[Records from a data collection]
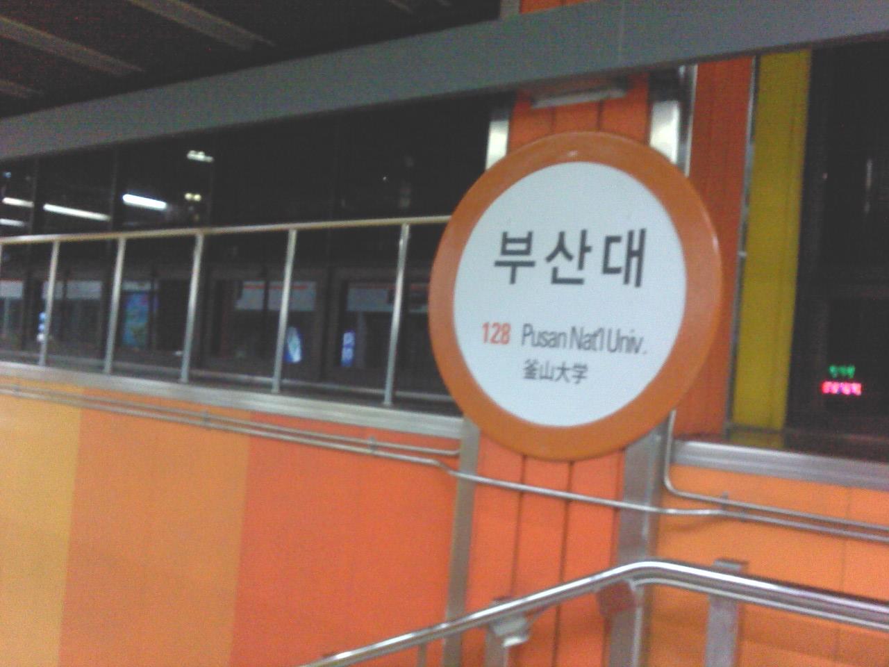 名前の通り、釜山大学に近い駅です。駅は地下鉄ですが、高架の上にあり、地上階は、売店などが入っている駅です。
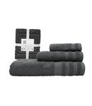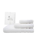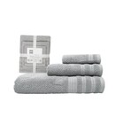 100% Cotton Set includes; 1 x washcloth (12x12" • 30x30cm) 1 x hand towel (15x25" • 38x63.5cm) 1 x bath towel (25x50" • 63.5x127cm) Available in 4 colours; White, Denim, Lt. Grey and Charcoal
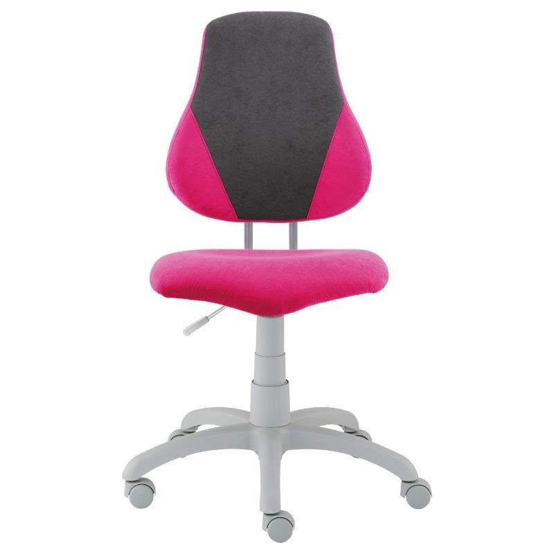 Pohodlná ergonomická stolička dôrazom pre zdravé sedenie. Vďaka unikátnemu polohovaciemu systému stolička Fuxo je vhodná pre všetky deti z hruba od 4 rokov. Od tohto veku deti sedia stále viac pri písacom stole a súčasne (i keď nevedomky) sa učia správnemu sedeniu. Poťah odolný voči predratiu vo farebnej kombinácii SU41 ružová - SU24 šedá v tvare V-line. Ako voliteľné príslušenstvo na stoličky sa dajú namontovať aj opierky rúk. Stolička je vybavená s kolieskami pr.50 mm pre mäkké podlahy. Nosnosť stoličky je až 100kg. Záruka 5 rokov.
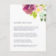 Conçues pour s'adapter à notre collection de faire-part de mariage Fleur Vibrant, ces élégantes cartes florales présentent un bouquet de roses et de pivoines aquarelles dans des tons riches et colorés de violet violet, rose et vert. Vous vous demandez quelles informations inclure sur un encart faire-part de mariage ? Prenez en compte des détails comme l'hébergement à l'hôtel, les codes de groupe, le transport, l'itinéraire, les informations sur la réception de bienvenue et votre URL du site Web mariage. Vous pouvez même télécharger une carte vers l'envers à l'aide de la fonction Personnaliser.
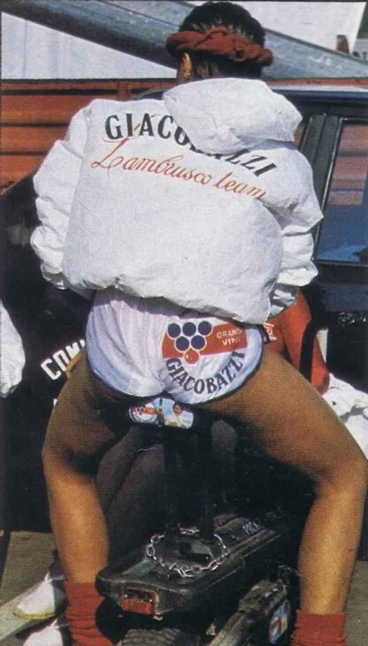 «На Гран-при Сан-Марино [в Имоле] местный производитель вина Giacobazzi нанимает очень сексапильных девушек, чтобы те рекламировали его продукцию.
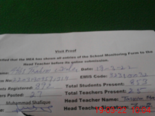 | Name: TA**** MA**** Designation: (School Headmaster's/Headmistress's) HM Phone/Cell Number: 03**** |

TASK INSTRUCTIONS:
Because pictures are not wanted, give every entry above again exactly without them.

SOLUTION:
 名前の通り、釜山大学に近い駅です。駅は地下鉄ですが、高架の上にあり、地上階は、売店などが入っている駅です。
 100% Cotton Set includes; 1 x washcloth (12x12" • 30x30cm) 1 x hand towel (15x25" • 38x63.5cm) 1 x bath towel (25x50" • 63.5x127cm) Available in 4 colours; White, Denim, Lt. Grey and Charcoal
 Pohodlná ergonomická stolička dôrazom pre zdravé sedenie. Vďaka unikátnemu polohovaciemu systému stolička Fuxo je vhodná pre všetky deti z hruba od 4 rokov. Od tohto veku deti sedia stále viac pri písacom stole a súčasne (i keď nevedomky) sa učia správnemu sedeniu. Poťah odolný voči predratiu vo farebnej kombinácii SU41 ružová - SU24 šedá v tvare V-line. Ako voliteľné príslušenstvo na stoličky sa dajú namontovať aj opierky rúk. Stolička je vybavená s kolieskami pr.50 mm pre mäkké podlahy. Nosnosť stoličky je až 100kg. Záruka 5 rokov.
 Conçues pour s'adapter à notre collection de faire-part de mariage Fleur Vibrant, ces élégantes cartes florales présentent un bouquet de roses et de pivoines aquarelles dans des tons riches et colorés de violet violet, rose et vert. Vous vous demandez quelles informations inclure sur un encart faire-part de mariage ? Prenez en compte des détails comme l'hébergement à l'hôtel, les codes de groupe, le transport, l'itinéraire, les informations sur la réception de bienvenue et votre URL du site Web mariage. Vous pouvez même télécharger une carte vers l'envers à l'aide de la fonction Personnaliser.
 «На Гран-при Сан-Марино [в Имоле] местный производитель вина Giacobazzi нанимает очень сексапильных девушек, чтобы те рекламировали его продукцию.
 | Name: TA**** MA**** Designation: (School Headmaster's/Headmistress's) HM Phone/Cell Number: 03**** |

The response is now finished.